## Exercise
Drop every picture, then transcribe the remaining data exactly.

Items from a dataset
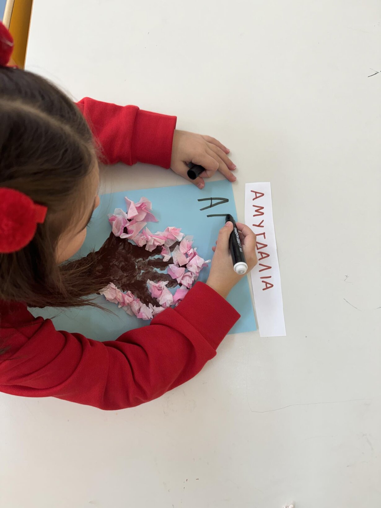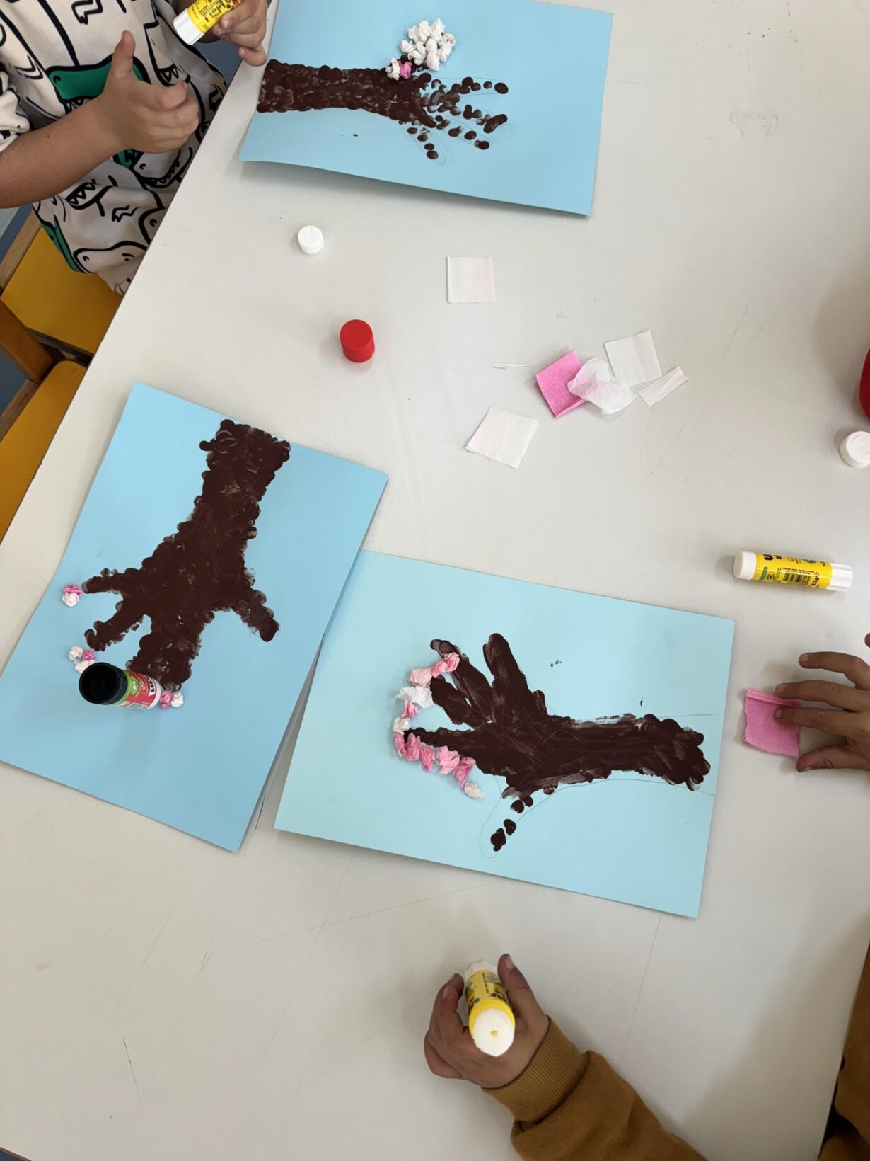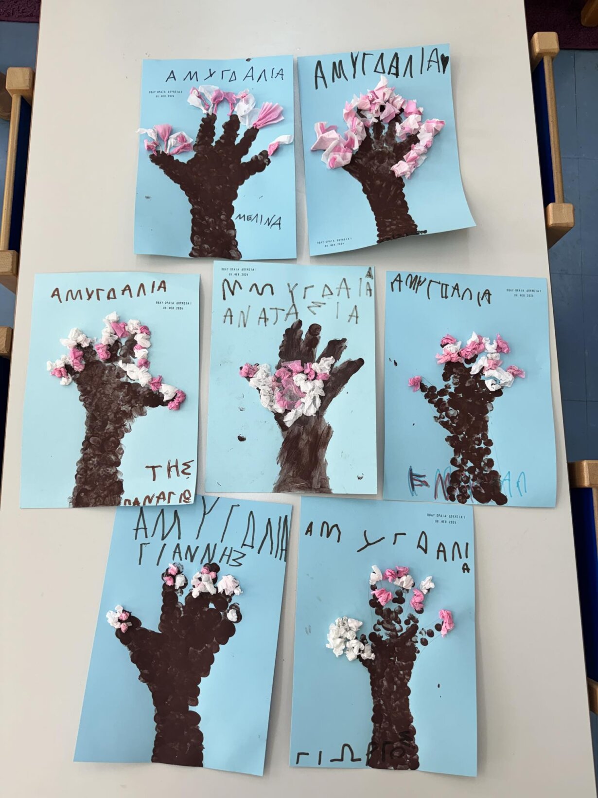Αποφασίσαμε να κατασκευάσουμε την δική μας αμυγδαλιά, χρησιμοποιώντας ως κορμό το περίγραμμα του χεριού μας.
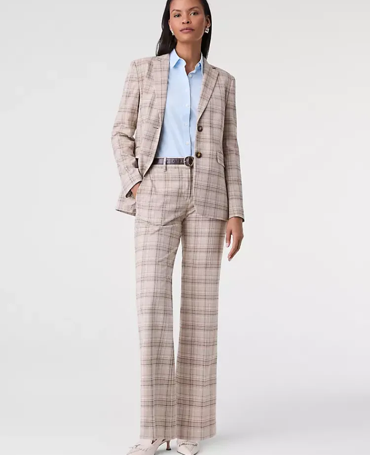 Ann Taylor Petite Pants|Petite Suits|The Petite Jayne Trouser In Plaid Tan/Navy Plaid
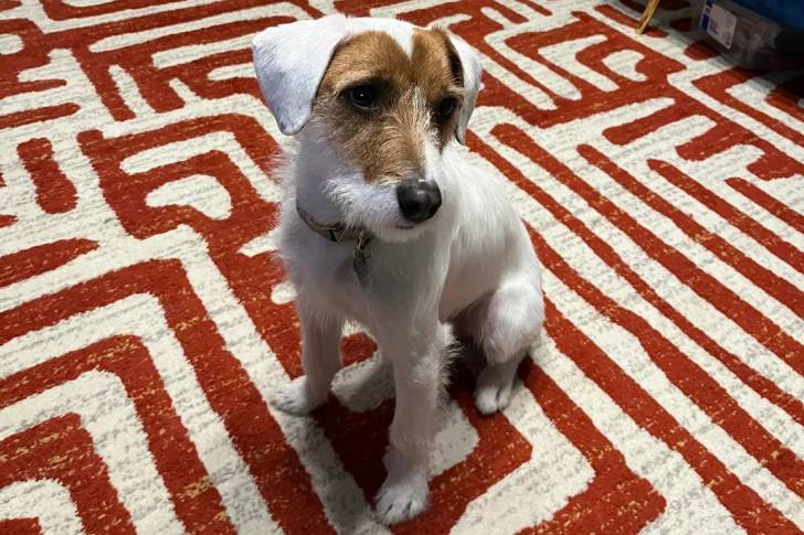 Un Parson Russell Terrier assis sur une moquette et portant un collier autour du cou et portant un collier autour du cou
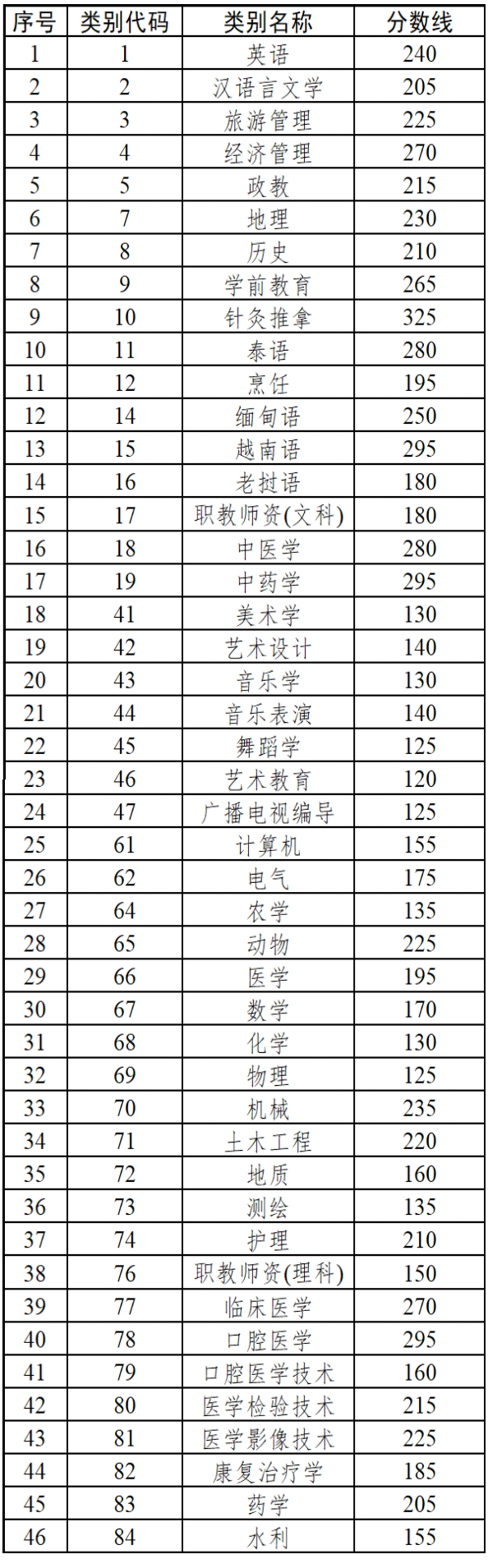 云南省2022年普通高等學(xué)校本科招收應(yīng)屆專科畢業(yè)生升學(xué)統(tǒng)一考試各專業(yè)類別分?jǐn)?shù)線
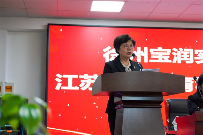董事局董事、徐州市树恩中学总校长兼初中部高铁校区校长薛淑萍同志做工作汇报。

## Answer section
Αποφασίσαμε να κατασκευάσουμε την δική μας αμυγδαλιά, χρησιμοποιώντας ως κορμό το περίγραμμα του χεριού μας.
 Ann Taylor Petite Pants|Petite Suits|The Petite Jayne Trouser In Plaid Tan/Navy Plaid
 Un Parson Russell Terrier assis sur une moquette et portant un collier autour du cou et portant un collier autour du cou
 云南省2022年普通高等學(xué)校本科招收應(yīng)屆專科畢業(yè)生升學(xué)統(tǒng)一考試各專業(yè)類別分?jǐn)?shù)線
董事局董事、徐州市树恩中学总校长兼初中部高铁校区校长薛淑萍同志做工作汇报。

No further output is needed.